This is, once again, the video my daughter made for The Long Way Home. This book was kind of a labor of love for me. It’s long, for one thing, and takes place in all the California beach cities where I grew up. I used to stay at the beach with my family, mostly my mom and sister because my dad worked, in the summer. Now we take the kids camping at the Dunes. I worked in Lido Village for a while, and ate in all those restaurants. When it comes to partying on the boats, lashed together in the ‘Rhine Channel’? Been there, done that. (But don’t tell the kids 😯 )
The book itself can’t be considered a mystery, it’s more romantic suspense. Kevin meets Connor while working on the disappearance of several boys from California beach cities. While he’s going over the case, it begins to dawn on him that unresolved issues in Connor’s past have a direct bearing on the case. Not just that they’re connected, but that Connor himself might be the key.
When they meet, there’s no real reason to imagine that romantic sparks will fly. On the contrary, Kevin is taciturn and dismissive, and Connor feels plain put out… but sometimes those beginnings can be the most auspicious…
*****
Dougal knew when he finally spotted Quinn, not by his looks per se, but his bearing. He had heard from Lubbock that Quinn had been in a terrible car wreck that blinded him in one eye and left him a little awkward. “Quinn?” he asked the man, reaching to take the garment bag he carried. “I’m Dougal.”
“Thanks, Dougal, I got it,” said Quinn, slinging the bag over his shoulder and wheeling his pilot case.
Dougal looked at Quinn, who had a laptop case in addition to the two bags. “Have you been catching up on the case?”
“Yeah,” said Quinn. “Grim.”
“I was kind of expecting you to know who I am,” said Dougal. Some psychic, he’d practically had to hold up a sign with the guy’s name on it.
“This is an airport. There are other plain-clothed cops here,” said Quinn, looking around.
“Don’t I get a demonstration?” said Dougal.

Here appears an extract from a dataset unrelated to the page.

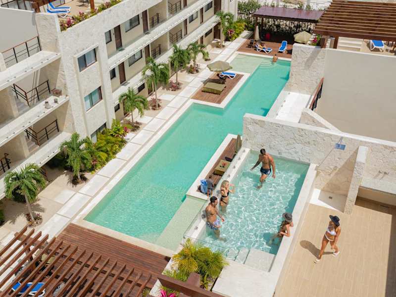 Penthouse Blue Luxury Kukulkan bietet elegante Übernachtungsmöglichkeiten, ausgestattet mit einem Außenpool, einem Innenpool, einem Garten und einer Terrasse. Die Unterkunft stellt kostenloses WLAN und einen Blick auf den Pool zur Verfügung. Die Rezeption ist rund um die Uhr besetzt und es wird ein kostenpflichtiger Flughafentransfer angeboten.

“Sure. Let’s see,” Quinn looked him over. “You’re a skeptic, you wear nerdy clothes, probably drive a boring car, and read novels by… Ana Wexler,” Quinn read the name off the book Dougal carried under his arm.
“How am I doing so far?”
Dougal smiled with an equanimity he no longer felt. “What can you tell me about what you don’t see.”
Quinn looked at him with a kind of disinterested contempt. “I can tell you that whatever I can’t see interests me not at all,” he said, effectively ending the conversation.
Intensely irritated but refusing to show it, Dougal led him to his Chevrolet Malibu. He opened it remotely, allowing Quinn to put his gear in the back seat. He waited patiently for the man to settle and fasten his seat belt.
“I guess you know where to go, cause I don’t,” Quinn said as Dougal pulled out of the parking garage into the gridlocked stop and go traffic leading out of the airport.
“Yes, I do,” said Dougal, wishing to heaven he’d never wanted to be a police officer in the first place.
“Lubbock told me the Prime Directive is to keep you unofficial. You are to stay at my place for the time being. I have a two bedroom and I live alone.” He cringed, waiting for a tirade that never came.
“Did you say prime directive? Are you a Trekkie, by any chance, Dougal?” asked Quinn in his dangerously soft voice. “My new roommate’s a Trekkie. We’ll have to have some kind of signal if you bring home any beautiful alien girls, like a towel on the door or something.” Dougal looked uncomfortably at the man sitting next to him. Did he know how close he came to the truth about his college years, especially about the towel on the door? That was a little unnerving.
“Don’t get bent, Trekkie. We all put something on the door, you seemed like a towel man. I went to a private Catholic boy’s school back east, and we used our ties,” he said.
Dougal stomped hard on the breaks at a yellow light. He hadn’t been paying too much attention, and now, he’d just caught up. This man was trying to unnerve him, and was doing a pretty good job.
“What do I do when I want to bring a boy home?” Quinn asked, almost daring him to lose control again.
Dougal knew it was some sort of test. “Make sure he’s legal and glove up, I guess,” said Dougal with more confidence than he actually felt. “It’s not in the statutes anymore I don’t think.”
“Well thank you,” Quinn said lazily, “we’ll get along just fine.”
Dougal doubted it, really; he doubted it very much.